A quick side note on why (again) I'm choosing to convert an XML stream to CSV. XML is great because DTDs and Schemas provide a way to validate document integrity when there are large numbers of optional elements. In the case of TCX, there are few optional elements -- the elements that exist always contain the same kinds of data. With an unchanging format, CSV makes more sense because it is a more compact representation of a stable data set.

Implementation Details
In my re-implementation of TCX->CSV parsing code, I needed to transform a set of nested parameters into two different CSV formats. In order to explain what I needed to do, I need to go into detail about what the Garmin TCX XML looks like, and what I wanted to extract from it.
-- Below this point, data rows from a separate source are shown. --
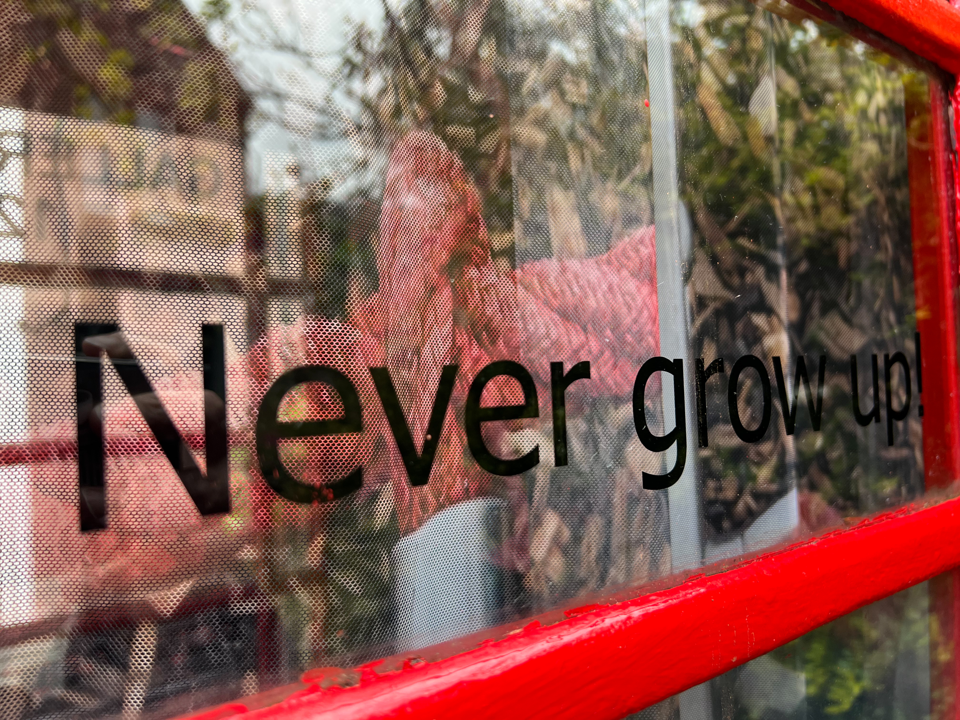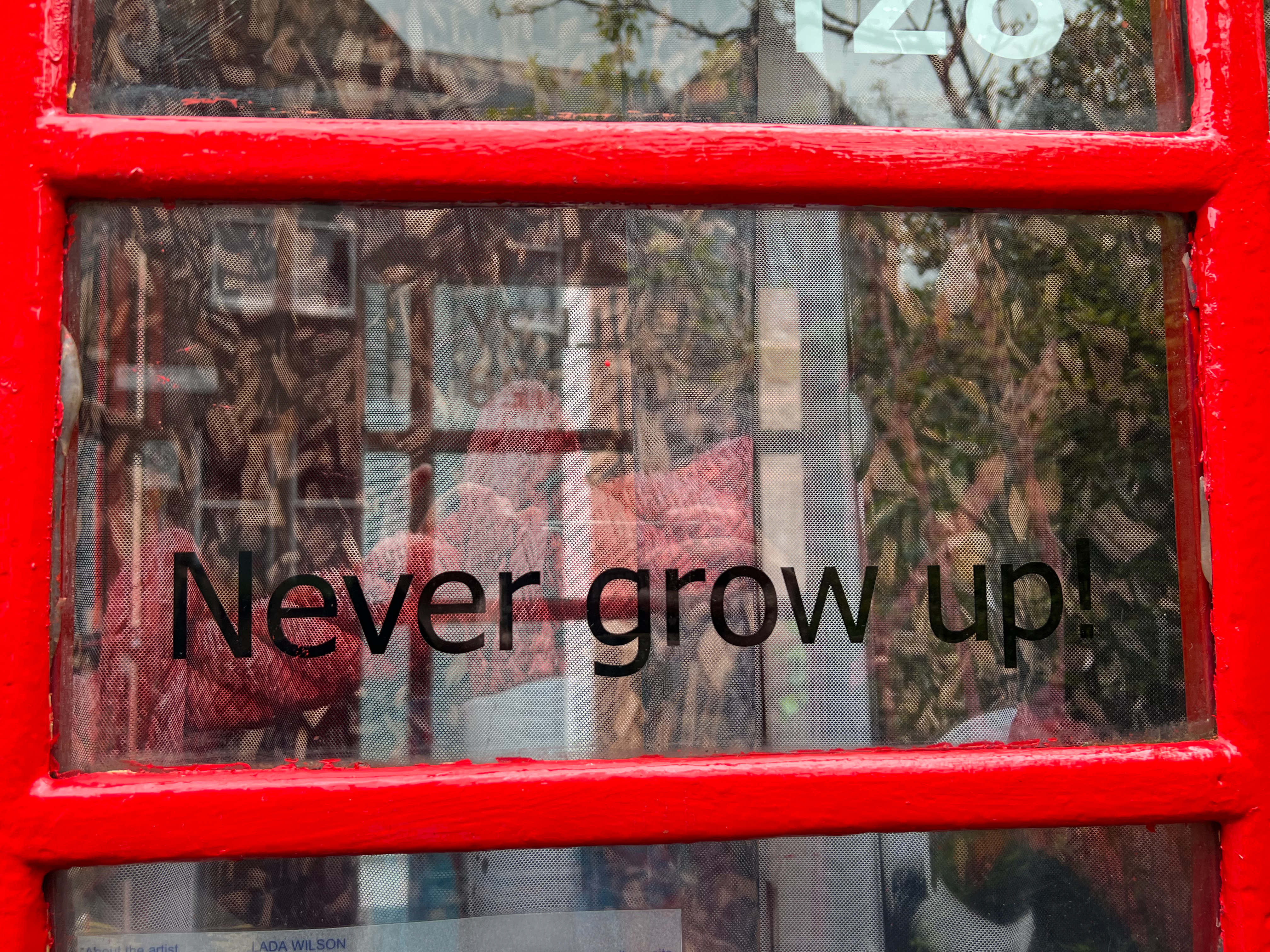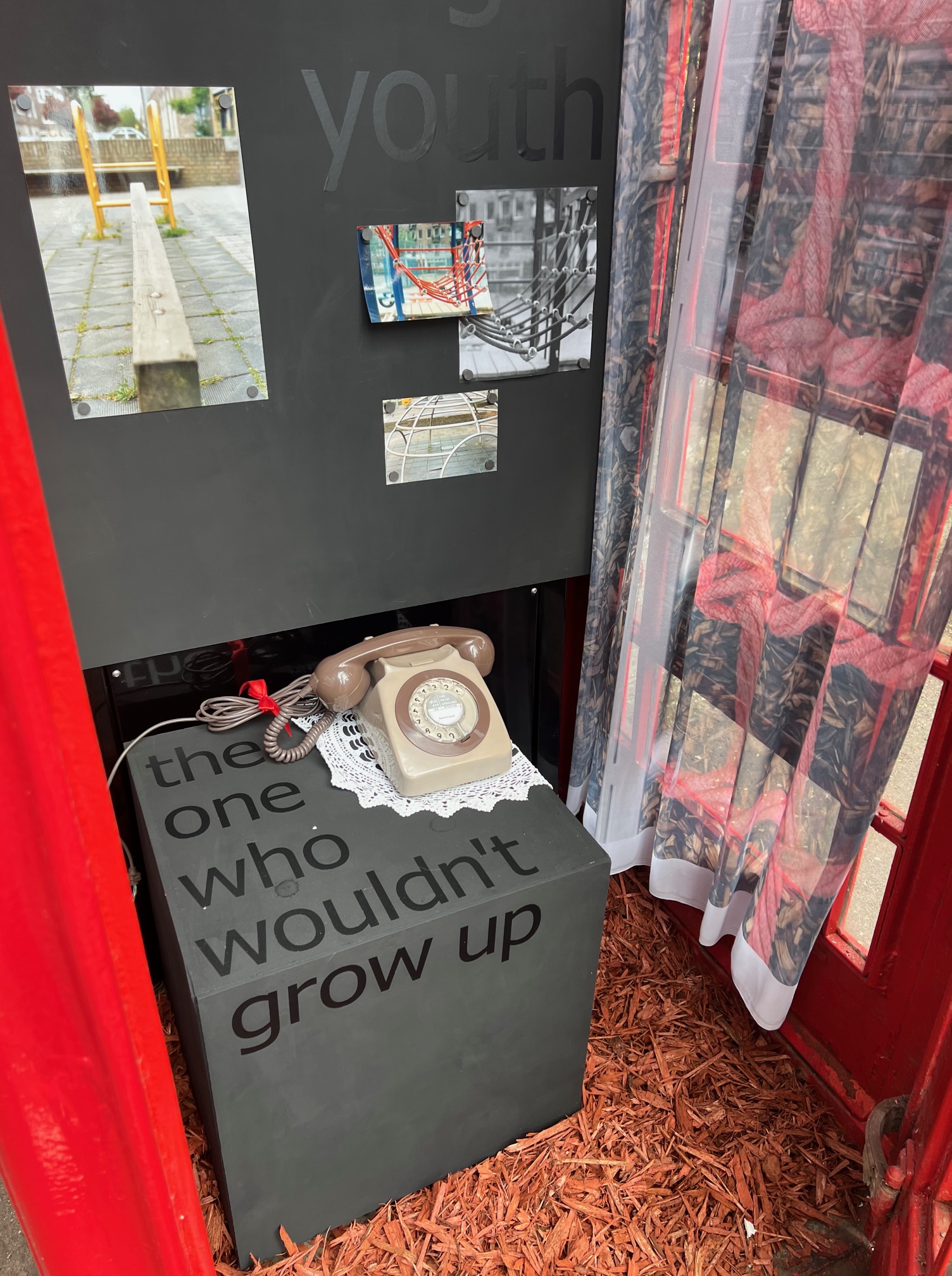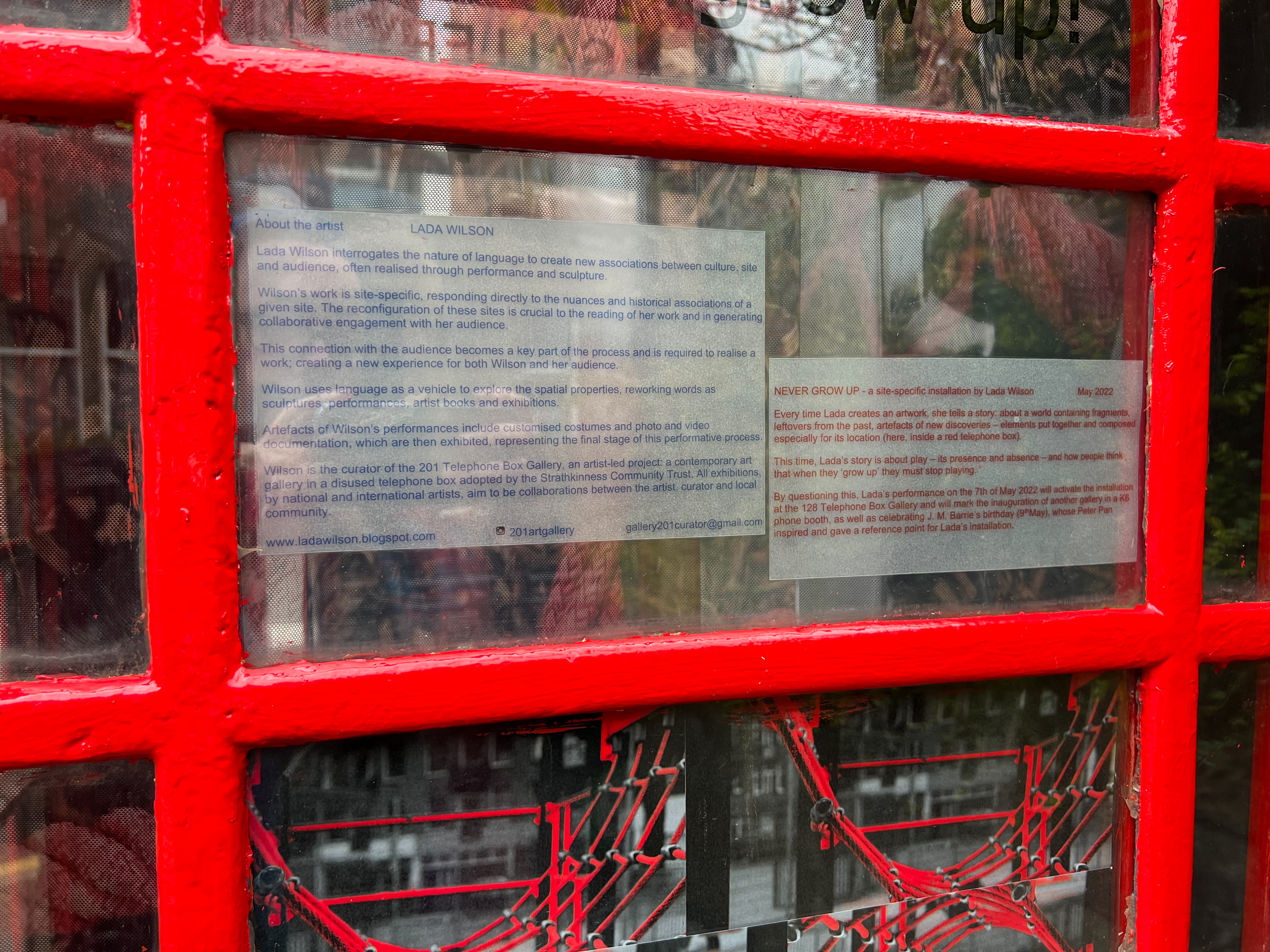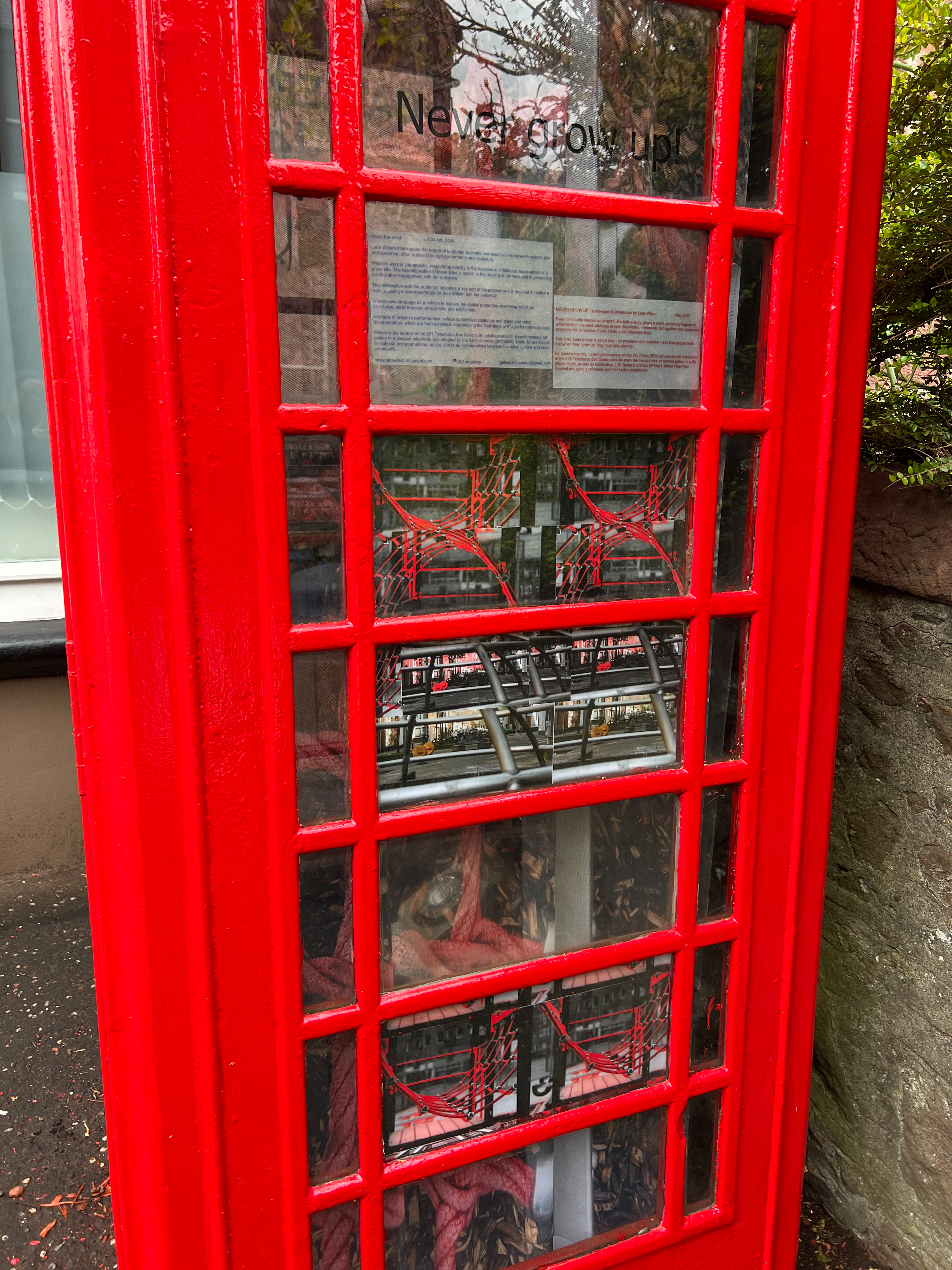By questioning this, Wilson’s performance on the 7th of May 2022 will activate the installation at the 128 Telephone Box Gallery and will mark the inauguration of another gallery in a K6 phone booth, as well as celebrating J. M. Barrie’s birthday (9thMay), whose Peter Pan inspired and gave a reference point for Wilson’s installation.
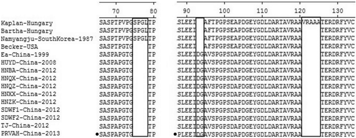 在PRV gB糖蛋白N端的59~126氨基酸序列存在3个连续的抗原表位区,这一区域的氨基酸序列具有高柔韧性、易接近性和亲水性,具有抗体结合位点(ABD)的特征[8]。在本研究中,与Bartha株相比,所有国内毒株均存在4个氨基酸的缺失(75~78氨基酸)和2个氨基酸的插入(93~94氨基酸),这些突变都在59~126氨基酸区域,可能会影响抗原-抗体的结合。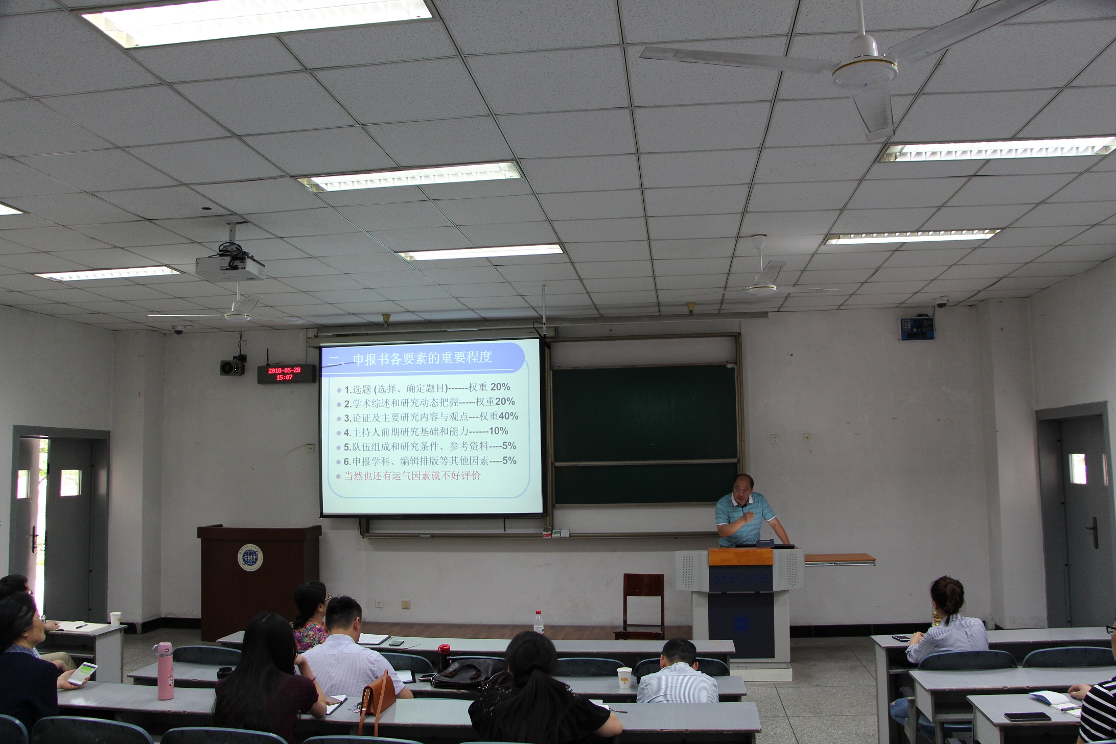 罗建文从人才队伍建设、学科建设及其与马克思主义学院建设之间的重要性进行了深入分析和探讨,对乐动马克思主义学院的建设起到了重要指引作用。他主要围绕国家社科基金项目申报书的组成要素及其权重比例、申报书的填写以及科研项目的培育准备等方面做了深入而全面的阐述。他结合自己申报各类项目的经历,和近年来担任国家社科基金项目通信评审专家的经验,就申报书的各个要素和各个部分内容要求,以及注意事项等方面做了详细的讲解和分析,受到了与会老师的好评。在场的广大教师纷纷表示获益颇丰,对自己日后的科研工作,有积极地引领作用。
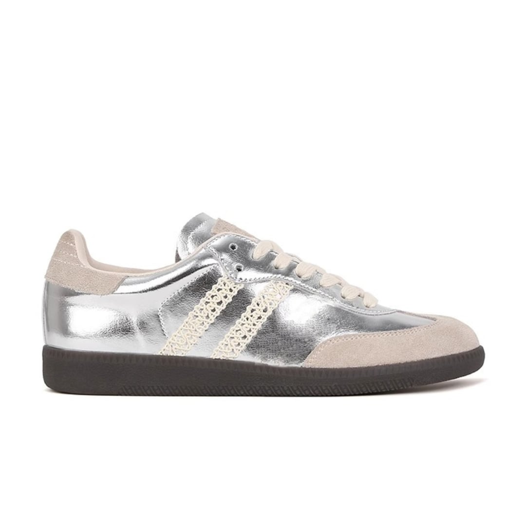 スタイリッシュなシルバーとレースデザインがラグジュアリーな印象を演出するスニーカーです。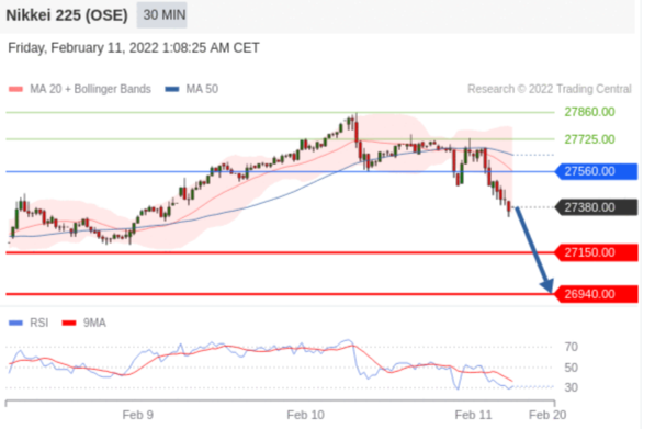 交易策略: 在 27560.00 之下,看跌,目标价位为 27150.00 ,然后为 26940.00 。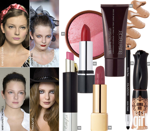 1 치크 컬러 듀오 1호. 5g. 2만8천원. 스틸라. 2 칼라 인트리그 립스틱 1호. 4g. 3만원. 엘리자베스 아덴. 3 루쥬 알뤼르 82호. 3.5g. 3만9천원. 샤넬. 4 터치업 립스틱 111호. 4.5g. 2만2천원. 캐시캣. 5 실크 크림 파운데이션 로즈 아이보리. 35ml. 6만원. 로라 메르시에. 6 아이펜슬 1호. 1.2g. 2만4천원. 클라란스. 7 리퀴드 아이칼라 800호. 5.2ml. 2만6천원. 안나 수이.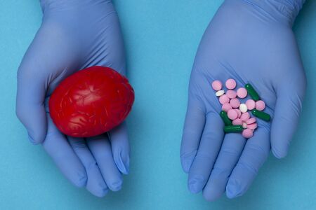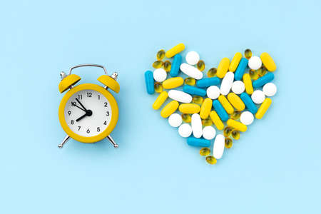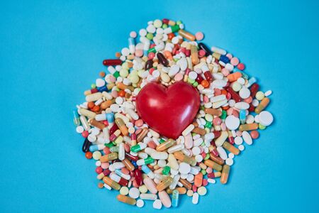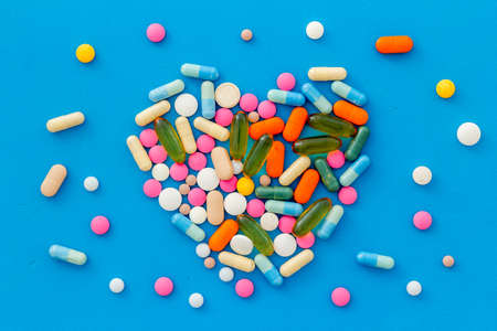 Pile of various drugs medicine arranged in a shape of heart. Blue wood on the background.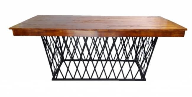 Mesa rústica de Madeira retangular Pé de Ferro Treliça

<?xml version="1.0" encoding="UTF-8" standalone="no" ?>
<TrainingCenterDatabase xmlns="http://www.garmin.com/xmlschemas/TrainingCenterDatabase/v2" xmlns:xsi="http://www.w3.org/2001/XMLSchema-instance" xsi:schemaLocation="http://www.garmin.com/xmlschemas/TrainingCenterDatabase/v2 http://www.garmin.com/xmlschemas/TrainingCenterDatabasev2.xsd">

  <Activities>
    <Activity Sport="Biking">
      <Id>2010-11-04T22:02:59Z</Id>
      <Lap StartTime="2010-11-04T22:02:59Z">
        <TotalTimeSeconds>1798.6000000</TotalTimeSeconds>
        <DistanceMeters>15412.0742188</DistanceMeters>
        <MaximumSpeed>12.8037510</MaximumSpeed>
        <Calories>581</Calories>
        <AverageHeartRateBpm xsi:type="HeartRateInBeatsPerMinute_t">
          <Value>140</Value>
        </AverageHeartRateBpm>
        <MaximumHeartRateBpm xsi:type="HeartRateInBeatsPerMinute_t">
          <Value>158</Value>
        </MaximumHeartRateBpm>
        <Intensity>Active</Intensity>
        <Cadence>0</Cadence>
        <TriggerMethod>Manual</TriggerMethod>
        <Track>
          <Trackpoint>
            <Time>2010-11-04T22:03:00Z</Time>
            <Position>
              <LatitudeDegrees>47.5834731</LatitudeDegrees>
              <LongitudeDegrees>-122.2491668</LongitudeDegrees>
            </Position>
            <AltitudeMeters>17.4411621</AltitudeMeters>
            <DistanceMeters>26.8590393</DistanceMeters>
            <HeartRateBpm xsi:type="HeartRateInBeatsPerMinute_t">
              <Value>85</Value>
            </HeartRateBpm>
            <SensorState>Absent</SensorState>
          </Trackpoint>
          ...
        </Track>
     </Lap>
     ...
   </Activity>
     ...
 <TrainingCenterDatabase>


I want to extract two kinds of data out of the XML stream above:
  1. Lap summary data. Lap summary data is good for high level comparisons of effort. The basic components of Lap summary data of the same general duration can be compared across laps.
  2. Trackpoint data. Trackpoint data -- elevation, heart rate, lat/long can be analyzed/transformed across arbitrary intervals to measure input effort and output speed.
Lap Summary Data will look like this:
activity_id,lap_id,total_time,total_distance,max_speed,total_calories,average_heartrate,max_heartrate
Trackpoint detail data will look like this:
lap_id,trackpoint_id,time, latitude,longitude,altitude,distance,heartrate

Both files may end up being used when correlating track points to their parent laps and activities.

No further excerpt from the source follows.